Diretores – Rogério Sganzerla

O anárquico cineasta manuseando objeto de trabalho que sabia usar muito bem

O anárquico cineasta manuseando objeto de trabalho que sabia usar muito bem

Terminei a faculdade de jornalismo achando que ia ser cineasta. E uma das grandes influências que eu tive para isso foi o cinema de invenção do genial Rogério Sganzerla. Posso estar enganado, mas acho O bandido da luz vermelha (1968) um dos filmes mais instigantes que vi em toda minha vida. Sei lá, quando vi aquela mistura irônica de chanchada com nouvelle vague, Orson Welles e imprensa escrita, HQs e rádio e TV, pirei. Para mim só podia ser a coisa mais brasileira que o nosso cinema poderia ter inventado.

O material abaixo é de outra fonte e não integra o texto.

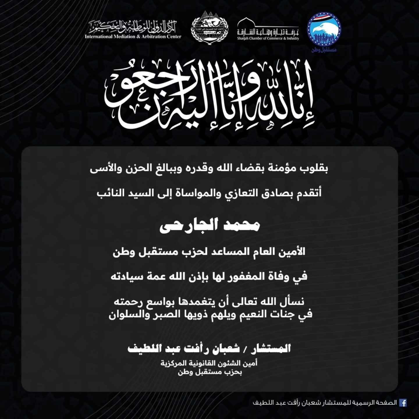 المستشار | شعبان رأفت عبد اللطيف ” ينعي وفاة عمة النائب محمد الجارحي ” الأمين العام المساعد بحزب مستقبل وطن

Irônico, explosivo, anárquico e genial, Sganzerla criou um estilo de fazer filmes à margem da indústria vigente, apostando na pesquisa audiovisual, na experimentação da narrativa e total ruptura com a estética. Eram produções totalmente independentes, realizados de forma ágil, com baixo orçamento e uma preocupação criativa revolucionária. Em seus filmes, não era importante o que iria se contar, mostrar nas telas, mas de que maneira isso seria contado e mostrado.

“Estou buscando aquilo que o povo brasileiro espera de nós desde a chanchada: fazer do cinema brasileiro o pior do mundo”, debochou numa entrevista de 1969.

Infelizmente nunca tive o prazer de entrevistar Rogério Sganzerla, mas não me esqueço do dia em que vi o cineasta no Cine Brasília, durante uma edição do Festival de Brasília em que exibiu seu último filme, o perturbador, O signo do caos (2003). Fragilizado pelo câncer que o mataria meses depois, estava cercada pela mulher Helena Ignez, musa do cinema marginal, e pelas belas filhas Sinai e Djin.

O bandidoTop Five – Rogério Sganzerla

O bandido da luz vermelha (1968) – Com apenas 20 e poucos anos, Sganzerla realiza aqui um dos trabalhos mais selvagem, poético, cafajeste e esculhambado do cinema brasileiro, com sua colagem de Godard e Orson Welles. A narrativa de rádio sensacionalista é um espetáculo pela ousadia rebelde e os personagens, deliciosamente canalhas. “Quando não se pode fazer nada a gente avacalha”, diz o personagem de Paulo Villaça.

 Copacabana, mon amour (1970) – Com trilha sonora formidável de Gilberto Gil, a fita é uma aventura espiritual e experimental a partir da trajetória de Sônia Silk (Helena Ignez), uma jovem que zanza perdida por Copacabana na esperança em ser cantora de rádio.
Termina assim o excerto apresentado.